How long have you used your power supply?

I recently got rid of my old Silverstone Olympia OP650 unit. Used that in Pentium-D, C2D, and C2Q systems up through 2013 or so when I built my 2600K box and the 12V rail started dropping a little at full load. Kept it around as a testing unit for a long time after that but finally decided last year that even as a diagnostic PSU, a 12/13-year old unit had to go.

The 750 TX V1 replacement PSU is still going strong in my brother's desktop, but it's about 8 or 9 years old itself and probably time to replace it too.
 
From Nov 2011: Thermaltake Toughpower 1050W - still alive... not sure how far gone the voltages are, but it seems to be keeping an o/c'd i7 860 mostly happy. It will be forcefully retired in a year or less I surmise.
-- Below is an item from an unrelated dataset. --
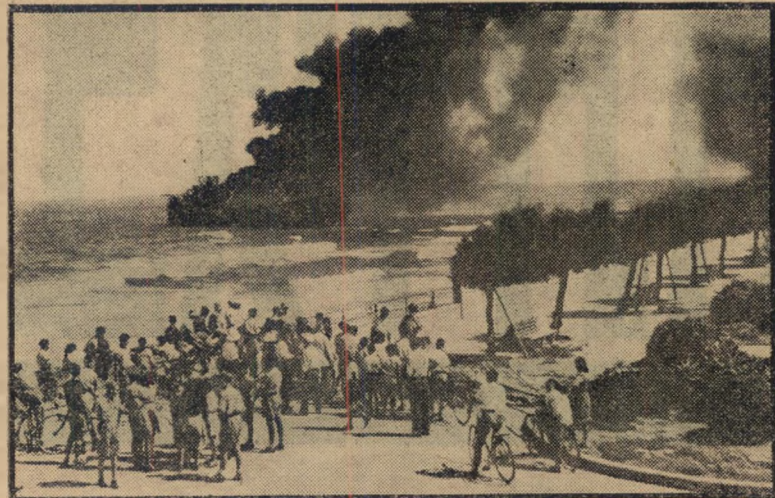
"אלטלינה" בווערת מול חוף תל-אביב

טיין. שום חייל קרבי דאז לא היה מסכים לכך.

It has made it further than many others I've had in the past, so ymmv.
 
I'm not sure I've ever had a PSU go bad on me... I did have an Antec PSU that gave me some issues but they were more manufacturing defects than anything. I did have to contact the BBB to get them to warranty it though.
 
I did have an Antec PSU that gave me some issues but they were more manufacturing defects than anything. I did have to contact the BBB to get them to warranty it though.
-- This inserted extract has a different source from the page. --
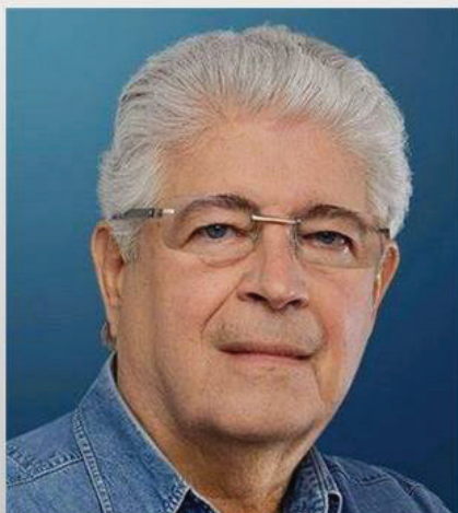
Roberto Requião 26 de agosto

Antec from the late 90s up until 2006-2008 used shitty capacitors and flawed designs, which resulted in extremely high failure rates. The SL and Basiq series had horrific overheating issues due to having an improperly set fan:heat curves, so they'd basically cook. They also used predominantly Fuhjyyu capacitors which had 100% failure rates. The Smartpower, Truepower and Earthwatts didn't have overheating issues, but they used trash capacitors the same. There was a period of time where I was recapping dozen or so of these units monthly.
 
EVGA SuperNOVA 1300 G2

ordered: 2/17/2015, installed shortly there after

Still working strong here without issues in my main rig. Recently made sleeved cables for it. 10/10 would recommend.
 
My old OCZ 1250w lasted 10 years before it finally gave up. Got an EVGA G3 850w to replace it.
 
I wouldn't reuse a 5/6 year old powersupply on a new build. Especially if you're expecting to use over 50% of it's rated capacity. However I've had power supplies last well over 10 years.
 
I'm not even keeping track of it. The time of cheap chinese psus that would blow up and take hw with them is long gone. Haven't heard that kind of horror story since the mid 2000s.
 
I'm not even keeping track of it. The time of cheap chinese psus that would blow up and take hw with them is long gone. Haven't heard that kind of horror story since the mid 2000s.

This problem never went away, dunno what rock you're living under.

I still regularly see Chinese IEDs in customer machines. The story is always the same, customer spends all of their money on other components and gets a $20 special that eventually goes bang during a gaming session and kills the motherboard and/or the video card.
 
This problem never went away, dunno what rock you're living under.

I still regularly see Chinese IEDs in customer machines. The story is always the same, customer spends all of their money on other components and gets a $20 special that eventually goes bang during a gaming session and kills the motherboard and/or the video card.
Yes, you see them in garbage pre-built systems. But if you buy a branded PSU for your custom build you shouldn't worry about this. I thought this was [H] and not wal-mart customer support.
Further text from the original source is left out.